EXERCISE:
Lines in the entries below where the word "quickly" shows up should each be copied.

TASK INPUTS:
=== Section Start ===
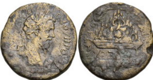
206 Roman Provincial CAPPADOCIA, Caesarea-Eusebia. Septimius Severus. (193-211 AD) AE Bronze (29mm 12.6g) 5
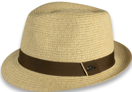
Newman 22-624 col. 30
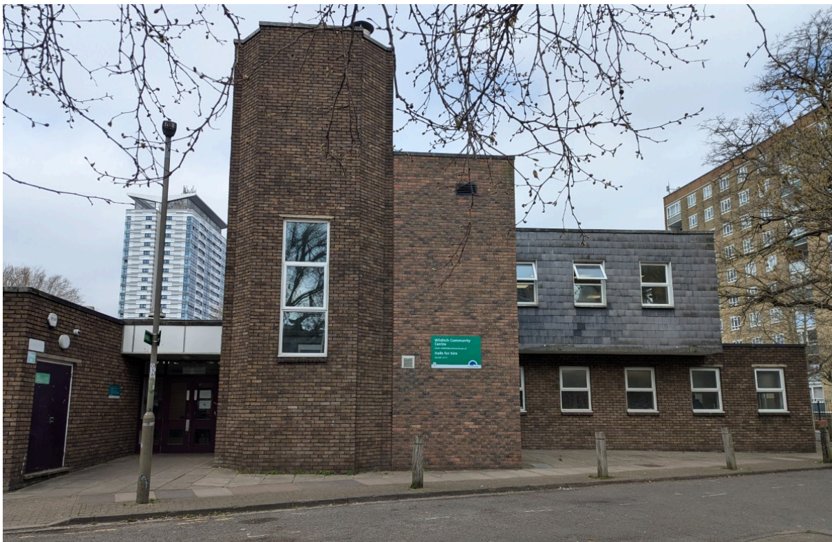
Photo courtesy of AccessAble – Wilditch Community Centre ( accessible.co.uk )

Wilditch Estate Community Centre - 48 Culvert Rd, London SW11 5BB. events@enablelc.org
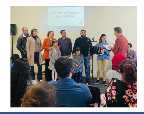
CPV is growing! New members being received in Jan 2023.

In 2023 CPV will be established as a church of the denomination (ICPP) and its first elders will be ordained in the month of February. It is an exciting time in CPV's history and we feel privileged to be a part of it. We also continue with our fortnightly small group ministry, youth work and our family outreach ministry.
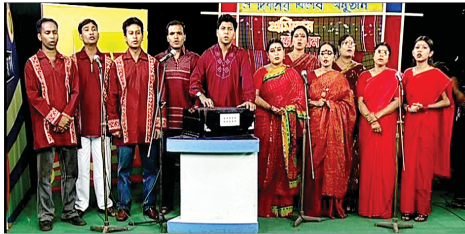
A scene from Sromiker Jayagaan
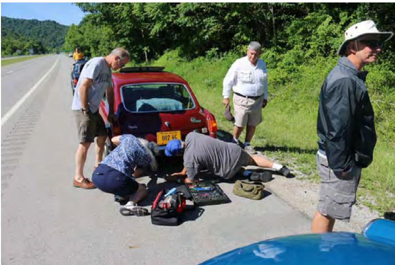
Exhaust pipe adjustments on US 119 South., near Big Ugly Creek Road.

of our toasty cars in the hotel parking lot, Tad, Mark and Donald were each seen to down a frosty pint of Bud Light in record time. (Karen opted for a quickly chilled slug of wine.)
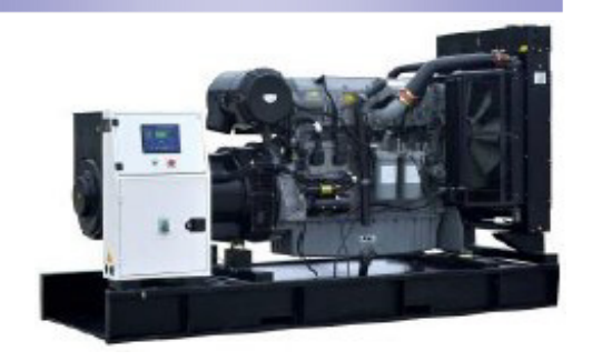
Open Type Image for illustration purposes only.
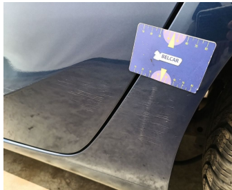
Wing Rear Left // Painting-scratch
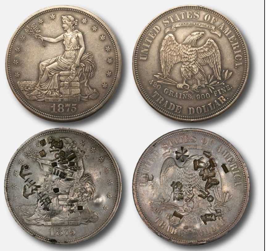
1875 Trade Dollar, XF (top), 1875, PCGS XF40 Chopmark (below)

The other important thing to know about the 1875 is that it is by many accounts the single most difficult Trade dollar to find with chopmarks, neck and neck with the 1878-CC. In all likeli-
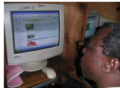
The users learn very quickly how to find the required information on the internet.
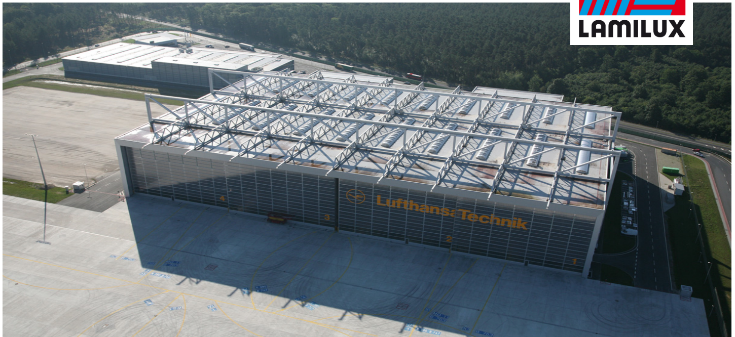
A380 Assembly Hangar
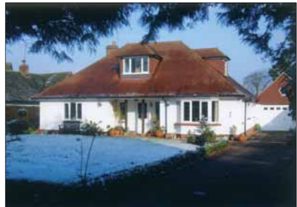
Number 23 Baile on Aba

The bungalows were the first properties to be designed by Burlingham and built on the estate after the Great War. The decline in house building during the war had led to an acute housing shortage immediately after the war. The Government aimed to encourage house building by providing a grant based on floor area through The Housing (Additional Powers) Act 1919. These bungalows were a method of providing affordable housing with maximum floor area at minimum cost.
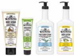
REMEDIES FOR BODY™ by J.R. Watkins pages 15-21
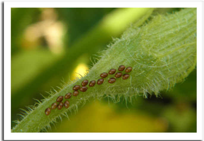
Squash bug eggs

them in a bucket of soapy water. Gardeners are also advised to dispose of dead leaves and other plant material which can harbor large numbers of nymphs.
=== Section End ===
REPLY:
of our toasty cars in the hotel parking lot, Tad, Mark and Donald were each seen to down a frosty pint of Bud Light in record time. (Karen opted for a quickly chilled slug of wine.)
The users learn very quickly how to find the required information on the internet.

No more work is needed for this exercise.